The heat transfer efficiency of a TPCT with an internal adiabatic section for efficient ultra-long-distance heat exchange of the present disclosure and the heat transfer efficiency of the conventional TPCT were experimented with an inclination angle of 90° (vertical mounting). The 2 experimental TPCTs have a length ratio of 2, the ambient temperature of the evaporation section was controlled to 10° C. and kept constant during the experiment, and the ambient temperature of the condensation section was gradually decreased from 10° C. to 0° C., −5° C., −10° C., −15° C. and −20° C.

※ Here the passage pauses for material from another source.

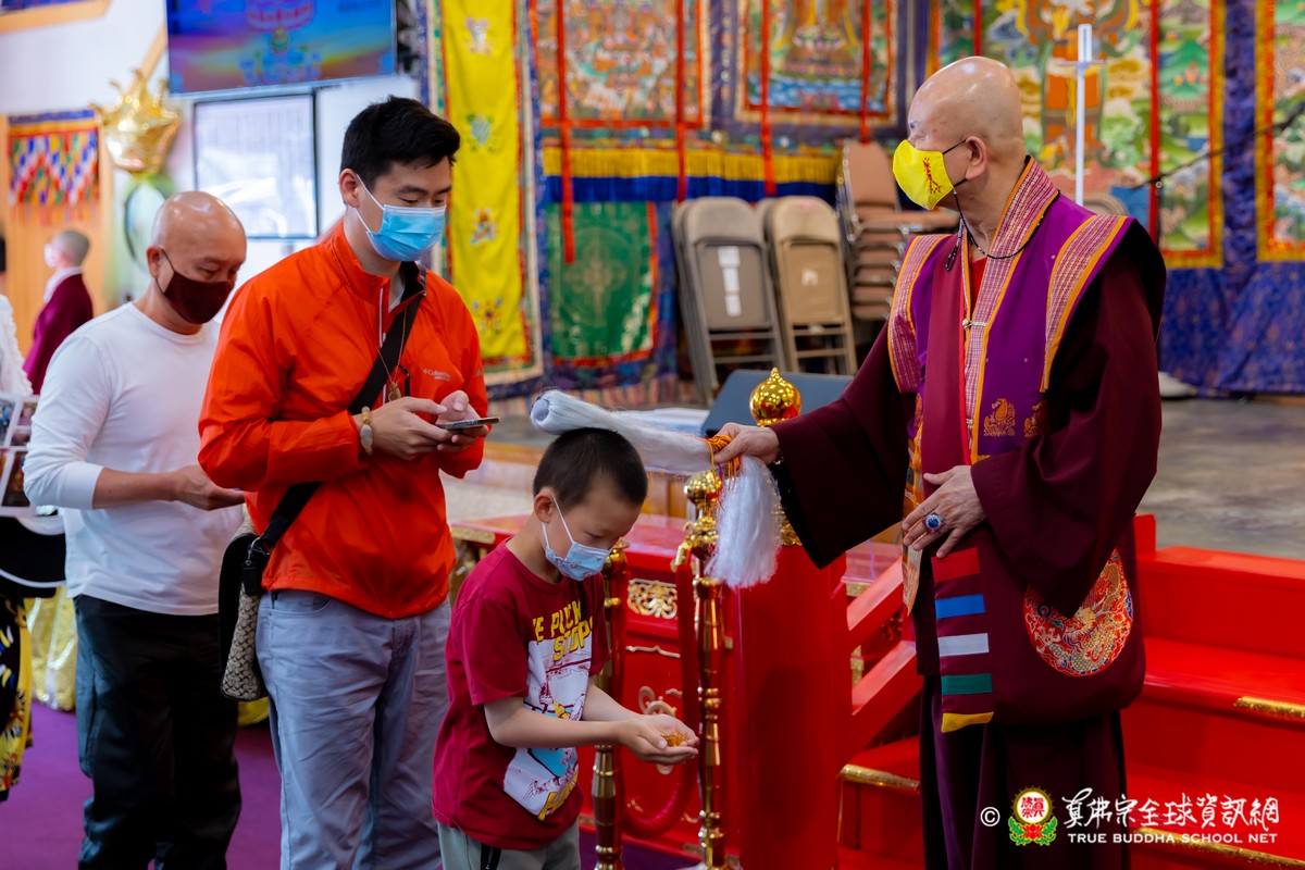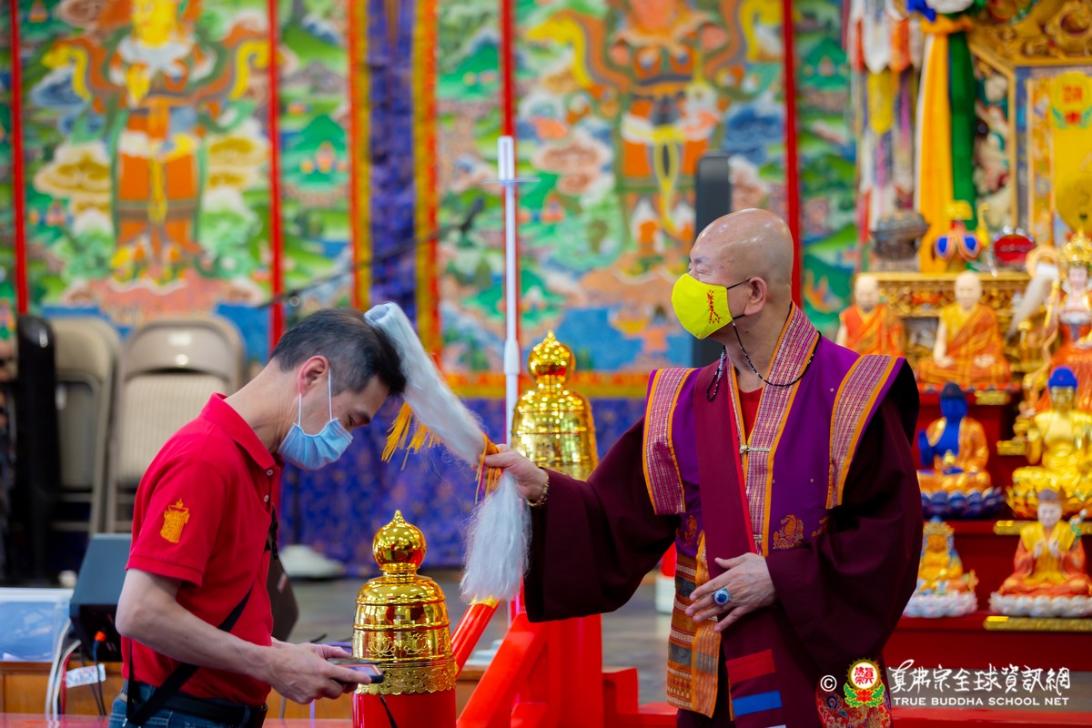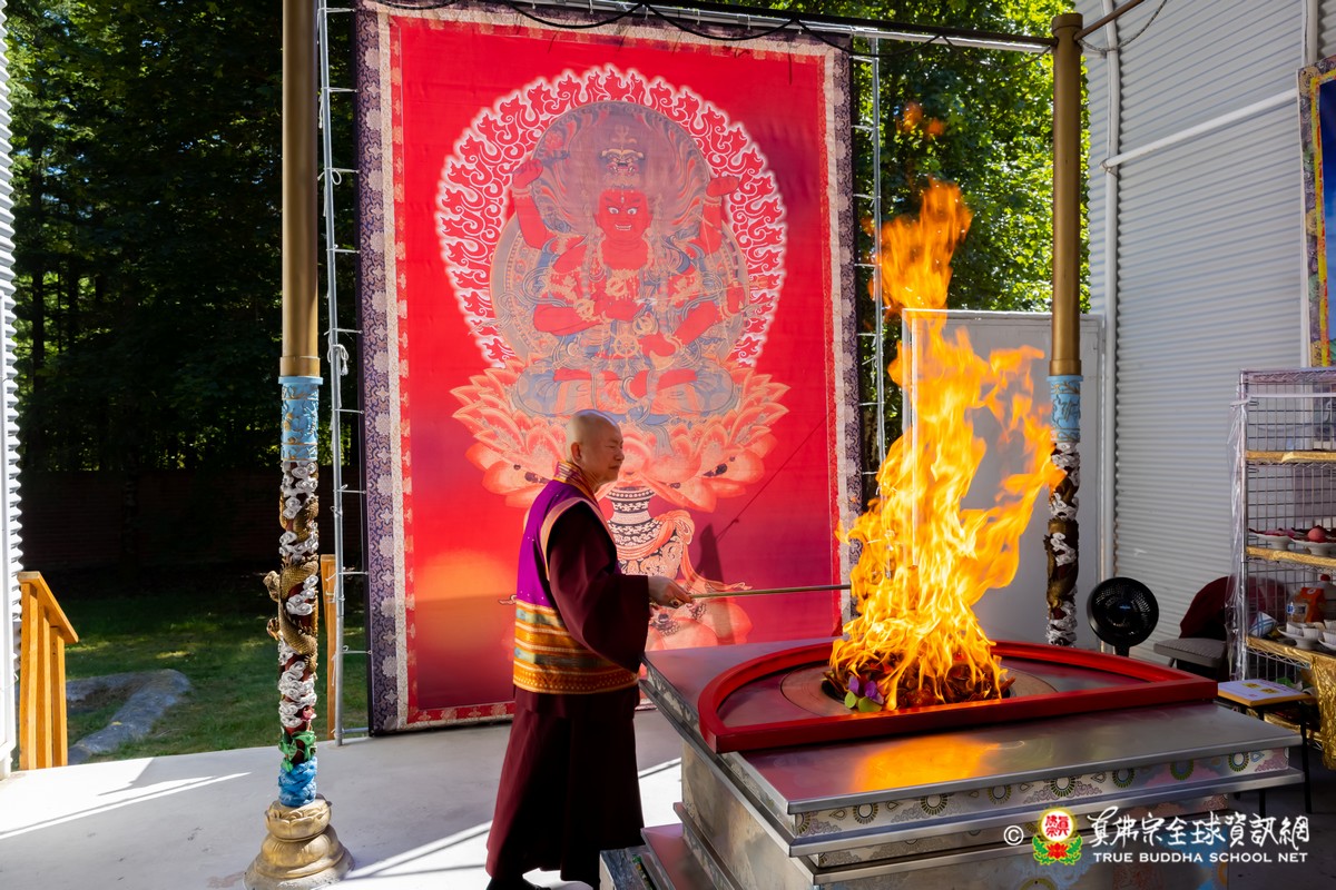 開示結束後,法王帶領大眾頂禮壇城,然後與Zoom雲端的弟子溫馨道別。接著,法王給現場與會大眾賜授「愛染明王法」灌頂,殊勝的愛染明王護摩法會在灌頂結束後也圓滿落幕。

FIG. 7 is a curve graph showing the variation of heat flux rates in a TPCT with an internal adiabatic section for efficient ultra-long-distance heat exchange and a conventional TPCT vary as ambient temperature differences between respective evaporation sections and corresponding condensation sections thereof according to the present disclosure. As observed in the experimental range, the heat flux rates of the both TPCTs increases with increasing temperature differences between the evaporation and the condensation sections. When the temperature difference is less than 15° C., the heat flow rates of both show only a small difference, whereas the difference becomes more significant as the temperature difference increases. At the temperature difference is 30° C., the heat flux rate of a TPCT with an internally adiabatic section increases by 22% compared with the conventional TPCT.